How did this racist win?
President-elect Trump is an open racist, misogynist and homophobe. Let no one forget this. He will be president from January and with both the Senate and House Republican controlled, this gives him near-unquestionable power at the level of government to implement what he wants. He will also appoint a further member to the Supreme Court, which is likely to further consolidate power. His road to power includes use of his goon squads, voter intimidation, gerrymandering, interference with voting lists and many other things.
The Trump presidency looms large in Europe too, and in France in particular. Le Pen and the Front Nationale must be being encouraged by this result. While staying with friends in France, I saw they had a Bande Dessinée book (in French) showing the possible outcome of a Le Pen victory. This must be seen as a distinct possibility now, with Hollande completely discredited and the old Right divided. Racism is now part of the norm in France, too.
Trump’s victory appears to be large, with him getting probably over 300 electoral college votes against 228 (270 = victory) so far, but it appears that Clinton has actually won the popular vote. At the time of writing, Trump is actually 209,000 votes behind, less than the population of Brighton and Hove where I live so razor thin:
2012:
Obama 62,156,980 votes 50.6%
Romney 58,805,060 votes 47.8%
2016 :
Trump 59,551,275 47.5%
Clinton 59,760,810 47.7%
est. 92% in
updated 7:57 am ET, Nov. 9
Note that counting hasn’t finished so this might change a bit.

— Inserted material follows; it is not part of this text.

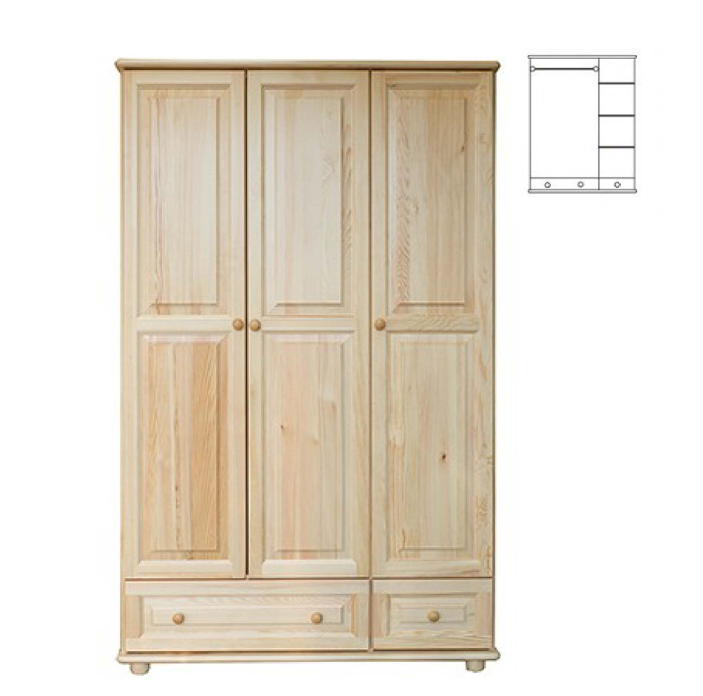 • Třídvéřová dřevěná skříň z masivní přírodní borovice je povrchově upravená lakováním. Skříň obsahuje zásuvku, šatní tyč a 3 police. U dveří jsou použity kvalitní kovové panty s úhlem otevření 110°. Skříně je vyrobena ze 100% přírodního dřeva, masívu borovice. K výrobě skříní je použitý prvotřídní materál a pro povrchovou úpravu ekologický lak. Tyto skříně se vyznačují pečlivým zpracováním a dlouhou životností. V základní ceně je skříň z borovicového dřeva v přírodní barvě. Moření dle vzorníku je za příplatek 10% z ceny.

But a combination of the undemocratic system, gerrymandering and the distribution of the electorate have given him the victory that we see. We cannot forget, however, the unfortunate pollsters, who put Clinton 2% ahead. This is significant and is very similar to the error in poll results found here at Brexit, for the Conservatives in 2015 and to elections further into the past. The polls underestimate support for the right consistently. The results also show that it’s been the Democrats to lose. The Trump vote, as I said above, was less than a million more than that for Mitt Romney, but Obama managed 62 million; 50.6%.
The distribution of the electorate was significant and in and of itself wasn’t entirely the fault of the parties. Clinton’s support was heavily concentrated in certain states such as California and New York, but Trump had many narrow majorities, which gave him a disproportionate number of electoral college seats. Truly, the US presidential system is even less democratic than the UK first-past-the-post system.

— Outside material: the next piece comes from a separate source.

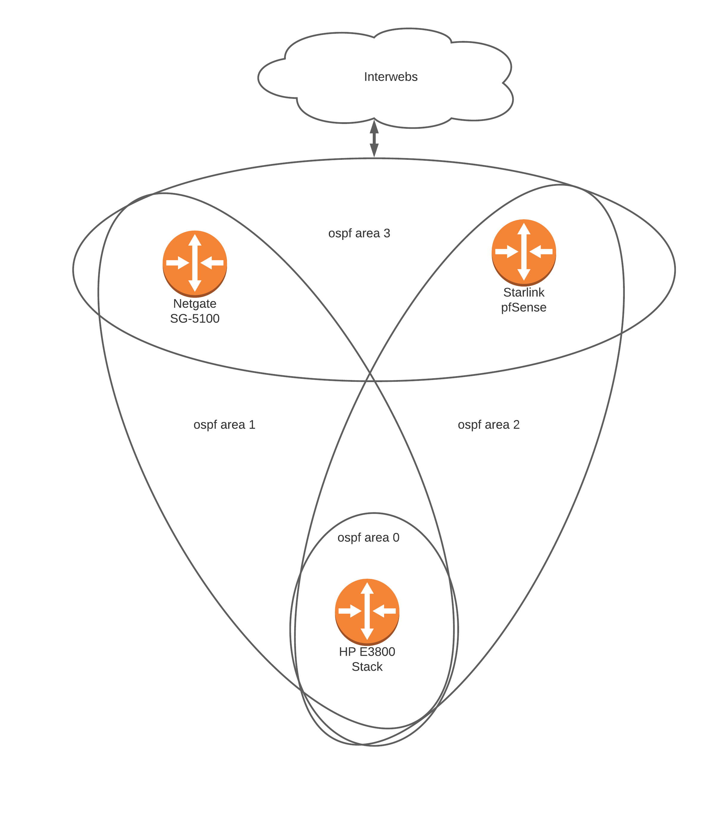 Area 1 and Area 2 are connected to pfSense boxes which are connected to my ISPs. If either router goes down, there will be a failover event from the switch on area 0 to the other.

The CNN exit polls show clearly how the vote was split by race, sex and also age. . Clinton was 10% ahead for woman voters, over 20% ahead for voters up to 24, and right up to age 39, 11% or more ahead. By “race”, if we accept the term, she took 88% for Black voters (presumably African-American), 65% for Latino and Asian, and 56% for “other race”. Amongst white voters (presumably everyone else), Trump took 58%.
Of course, part of the cause of Trump’s victory is massive disappointment with Obama, on-going decline in living standards and hatred of machine politics (of which Clinton is a prime example). But, as with Brexit, with the complete failure of the left (and yes, it’s FAILURE big time), the white working class responded overwhelmingly to his racist campaign. Listening to Women’s hour this morning (yes I’m a man who often listens to this), one of the commentators pointed out that white women actually formed part of his base, in spite of his gruesome misogyny and record of assaulting women (the exit poll above shows that white women supported Trump by 53% to 43%).

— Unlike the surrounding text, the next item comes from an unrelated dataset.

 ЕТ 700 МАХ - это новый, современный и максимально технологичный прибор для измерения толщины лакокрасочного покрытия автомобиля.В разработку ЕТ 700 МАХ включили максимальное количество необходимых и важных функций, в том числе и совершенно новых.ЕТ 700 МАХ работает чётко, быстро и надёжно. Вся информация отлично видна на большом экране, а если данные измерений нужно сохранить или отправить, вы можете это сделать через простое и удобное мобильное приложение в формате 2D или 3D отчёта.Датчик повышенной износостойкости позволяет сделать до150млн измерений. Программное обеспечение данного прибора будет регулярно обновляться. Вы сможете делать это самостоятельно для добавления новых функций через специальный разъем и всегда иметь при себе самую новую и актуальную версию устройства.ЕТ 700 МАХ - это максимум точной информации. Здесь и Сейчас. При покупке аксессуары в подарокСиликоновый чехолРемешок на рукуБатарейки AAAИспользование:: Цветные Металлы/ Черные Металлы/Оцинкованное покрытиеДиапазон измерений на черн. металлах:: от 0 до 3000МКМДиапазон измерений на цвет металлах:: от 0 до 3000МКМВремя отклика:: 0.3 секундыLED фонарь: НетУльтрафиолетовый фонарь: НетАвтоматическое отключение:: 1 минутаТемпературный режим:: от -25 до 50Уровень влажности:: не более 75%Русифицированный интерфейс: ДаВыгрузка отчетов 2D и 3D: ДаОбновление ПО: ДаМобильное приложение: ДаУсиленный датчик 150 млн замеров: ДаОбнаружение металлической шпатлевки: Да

Critical to the election result was that Trump did well in the “Rust Belt” states; i.e. those that have massively lost employment in “traditional” industries like coal, iron, steel and motor. The Democrats have largely lost these states. The white working class voted racist there, unfortunately. These states include Michigan (not yet called, but Trump ahead), Indiana, Ohio, and Pennsylvania; also the old coal mining states of Kentucky and West Virginia. Only Illinois, containing Chicago, and arguably New York State itself, which are both exceptional with their big Democratic voting cities went for Clinton.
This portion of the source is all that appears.